Imagine further, that you have a growing normalized SQL-tablestructure in the backend, with tables like: Users, Orders, OrderPositions, Invoices, etc.
So, to show/edit/delete stuff of a table which isn't the usertable itself, u'll probably have links like these, to let ypur users interact with the application.
~/Orders/EditOrder?id=12
~/Orders/ShowOrderPosition?orderId=12&posId=443
Ok, and now the problem:
How, do i prevent in a "none-complex"-way, that user A has access ( show/edit/delete ) the data of user B.
Example:
User B calls:
~/Orders/ShowOrderPosition?orderId=12&posId=443
which is an order of user A, so user B should have no access to it.
So, in my code i would need to have a UserIdentity-check before or within every single SQL-statement, like:
select * from OrderPosition op, Order o, User u
where op.Id = :orderId
and op.Fk_OrderId = :orderpositionId
and o.Id = :orderId
and o.Fk_User = :userId
Only this way i can make sure, that the data belongs to the requesting user.
To reach the usertable will of course get far more complex, the deeper the usertable-connection is "buried" in the normalization ( imagine tables like payments or invoices, connected to the order-table... )
Question:
What is your approach to deal with this, concidering: Low complexity, DRY and performance
( Hope u understand what i mean ;) )

This is a bit like a multi-tenant application - I have gone down this route and denormalized an ID onto all those tables that require this kind of check (a tenant ID, in your case, sounds like the user id).
I then created an interface that contains this field only and applied it to all those classes in my model layer that required this access.
In my base data access (repository) class, where all the select/update/delete calls go through, I then check to see if the class if of the type of that interface, and I then check that the current access matches that ID.
Of course, this depends on how your code is structured, and how simple/complex making this global kind of change will be...

Never expose ids.
And if you have to: encrypt them.

Performance
for ultimate performance you will have to denormalize to the point that reading the row and comparing with some application level variable would give you an answer on what kind of rights the user has (this is fairly fast and if your DAO/BAO level is well organized plugging it in will keep it relatively DRY and at relatively low complexity.) NOTE: complexity is also a function of your security model, once you start to implement inheritable, positive and negative, role-based access rules then it can not be really simple.
DRY
another route to take (which is very seldomly taken these days) is to use your database roles to manage security; this might get complicated but will offer unparalleled security (as it will be ensured at the DB level and not application level. Complexity should go down, at the application code level, if you manage to encapsulate all of your access paths into VIEWS, which might require quite a bit of re-tailoring at the database level. However(!), it might be possible to implement security model with very little changes to the application code - by renaming existing tables and replacing them with secured views)
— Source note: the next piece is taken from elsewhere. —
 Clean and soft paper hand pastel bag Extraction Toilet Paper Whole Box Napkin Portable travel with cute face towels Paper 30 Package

Don't use your internal ID column, encrypted or not, it'll come back to bite you one day.
Create a random, unique, string (GUID, whatever), which contains the link between the user and the data he's requesting. So, instead of having, for user 34567:
Edit order
Create a record {"5dsfwe8frf823jrf",34567,12} in a temporary table and show:
Edit order
When the users clicks the link, fetch 34567,12 from your temporary table.
The string 5dsfwe8frf823jrf is impossible to guess = no security risk.

Related

Is it secure to display/embed user_id that represents each user from the db in the html of a page?
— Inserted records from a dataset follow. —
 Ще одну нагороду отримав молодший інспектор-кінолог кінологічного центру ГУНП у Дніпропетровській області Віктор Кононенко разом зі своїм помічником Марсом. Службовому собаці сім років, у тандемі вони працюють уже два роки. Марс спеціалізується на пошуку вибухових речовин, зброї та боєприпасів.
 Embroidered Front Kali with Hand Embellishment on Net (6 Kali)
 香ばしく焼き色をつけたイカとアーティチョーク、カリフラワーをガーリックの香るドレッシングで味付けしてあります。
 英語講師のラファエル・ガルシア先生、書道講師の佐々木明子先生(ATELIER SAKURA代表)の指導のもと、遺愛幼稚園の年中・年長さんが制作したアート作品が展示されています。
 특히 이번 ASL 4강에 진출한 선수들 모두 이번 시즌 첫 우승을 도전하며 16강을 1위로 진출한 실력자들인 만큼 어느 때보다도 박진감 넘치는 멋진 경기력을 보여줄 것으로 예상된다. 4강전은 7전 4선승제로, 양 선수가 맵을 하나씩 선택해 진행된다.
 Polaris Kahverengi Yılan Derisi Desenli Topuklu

If I display user_id that represents each unique user in the db as an atrribute in an HTML element, is that good practice? Because I need the reference to the user if I want to perform an action on that particular user such as adding him to be my friend.
Example in HTML:
<div data-user-id='12' onclick=addFriend(12)>
Click to add John as your friend
</div>
Where 12 is John's actual user id in the db. From a security perspective, is it secure to do this?
it's never a problem to display the user id, actually, it's more secure than showing the username which could be used for logins, but a better solution is to display an id that could be set or changed by the user himself, look for facebook design for reference.
In this case, you want the user to be able to set his public id, and you use this public id to identify the user externally, then you map it to the actual user id internally in the back end.
anyway, all of this is not relevant for an abstract case, to decide how secure it's you need to consider the other security design elements of your application, the main question is always what can a malicious user do by knowing the actual user id?
As usual....it's complicated.
It all depends on how attractive your site is to hackers (and therefore how much effort they're going to invest), and how secure the rest of your solution is.
The first step in an organized attack is to find out as much as possible about your website. Your current solution leaks information. Knowing that users are identified by an integer may be useful (some database engines are more likely to use integers rather than GUIDs). It may help attackers guess other keys. By guessing sequential user IDs, they can find out how many users you have.
Once the attacker has found out all this information, they will use it to try and penetrate your application. The more information they have, the easier it is to create a plan. An individual piece of information may not be useful, but when you put it together with other snippets, it may reveal something useful.
So, no, there's no obvious major risk in this design by itself. It may be part of a wider attack, though, and it could be the bit of information that exposes some other flaw.

Should an API assign and return a reference number for newly created resources?

I am building a RESTful API where users may create resources on my server using post requests, and later reference them via get requests, etc. One thing I've had trouble deciding on is what IDs the clients should have. I know that there are many ways to do what I'm trying to accomplish, but I'd like to go with a design which follows industry conventions and best design practices.
Should my API decide on the ID for each newly created resource (it would most likely be the primary key for the resource assigned by the database)? Or should I allow users to assign their own reference numbers to their resources?
If I do assign a reference number to each new resource, how should this be returned to the client? The API has some endpoints which allow for bulk item creation, so I would need to list out all of the newly created resources on every response?
I'm conflicted because allowing the user to specify their own IDs is obviously a can of worms - I'd need to verify each ID hasn't been taken, makes database queries a lot weirder as I'd be joining on reference# and userID rather than foreign key. On the other hand, if I assign IDs to each resource it requires clients to have to build some type of response parser and forces them to follow my imposed conventions.
Why not do both? Let the user create there reference and you create your own uid. If the users have to login then you can use there reference and userid unique key. I would also give the uid created back if not needed the client could ignore it.
It wasn't practical (for me) to develop both of the above methods into my application, so I took a leap of faith and allowed the user to choose their own IDs. I quickly found that this complicated development so much that it would have added weeks to my development time, and resulted in much more complex and slow DB queries. So, early on in the project I went back and made it so that I just assign IDs for all created resources.
Life is simple now.
Other popular APIs that I looked at, such as the Instagram API, also assign IDs to certain created resources, which is especially important if you have millions of users who can interact with each-other's resources.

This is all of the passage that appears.